Ochiai recounted from her hospital bed that she recalled bright lights and the sound of helicopter rotors shortly after she awoke amid the wreckage, and while she could hear screaming and moaning from other survivors, this gradually died down during the night.

Below is a photo of the crash site:

A more gruesome series of images from the crash site can be found here.

Cause

The official cause of the crash according to the report published by the Japanese Aircraft and Railway Accidents Investigation Commission is as follows:

1. The aircraft was involved in a tailstrike incident at Osaka International Airport on June 2, 1978, which damaged the aircraft’s rear pressure bulkhead.

2. The subsequent repair performed by Boeing was flawed in order “to make it fit”, reducing the part’s resistance to metal fatigue by 70%. During the investigation Boeing calculated that this incorrect installation would fail after approximately 10,000 pressurizations; the aircraft accomplished 12,319 take-offs between the “repair” and the final accident.

3. When the bulkhead gave way, it ruptured the lines of all four hydraulic systems. With the aircraft’s control surfaces disabled, the aircraft was uncontrollable.

*** The JAL Union disagrees with the offical investigation, stating there was not rapid depressurization (seen as the cause of the crash by the official report).***

Aftermath

Rumors persisted that Boeing had admitted fault to cover up shortcomings in the airline’s inspection procedures and thus protect the reputation of a major customer. Without admitting liability, JAL paid 780 million yen to the victims’ relatives in the form of “condolence money”. Its president, Yasumoto Takagi, resigned and a number of JAL employees and one Boeing employee committed suicide to “apologize” for the accident.
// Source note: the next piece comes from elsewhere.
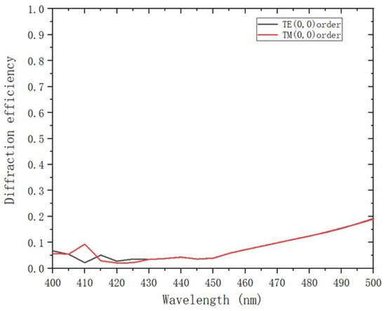 Figure 3 depicts the efficiency of (0, 0) versus wavelength under normal incidence for TE and TM polarization. We should decrease the efficiency of the 0th order to reduce the loss. The diffraction efficiencies of the (0, 0) order for TE and TM polarization are both less than 10% when the incident wavelength is in the range of 400 nm to 470 nm. In particular, the (0, 0) order diffraction efficiencies for TE and TM polarization are both less than 5% at operating wavelengths from 420 nm to 450 nm.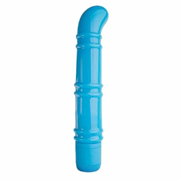 From Topco’s colorful Climax® Neon collection, the Electric Blue Vibe includes a curved g-spot tip and ringed ridges along the shaft for added stimulation. Offering 7.5″ of insertable length, this bendable, textured vibe offers multiple speeds of escalating vibration controlled by a gently turning base. The Electric Blue Vibe is phthalates-free, body-safe, waterproof and easy to clean with a sex toy cleaner.

Below is a picture of the crash site today:

The video clip below (which I highly recommend viewing) contains more details and uses a flight simulator to recreate portions of the last flight. The clip concludes with the cockpit audio from the final 40 seconds of the flight.

As an interesting “oh by the way”, the last 38 seconds of the cockpit voice recording appear on certain pressings of the album Reise, Reise by Rammstein.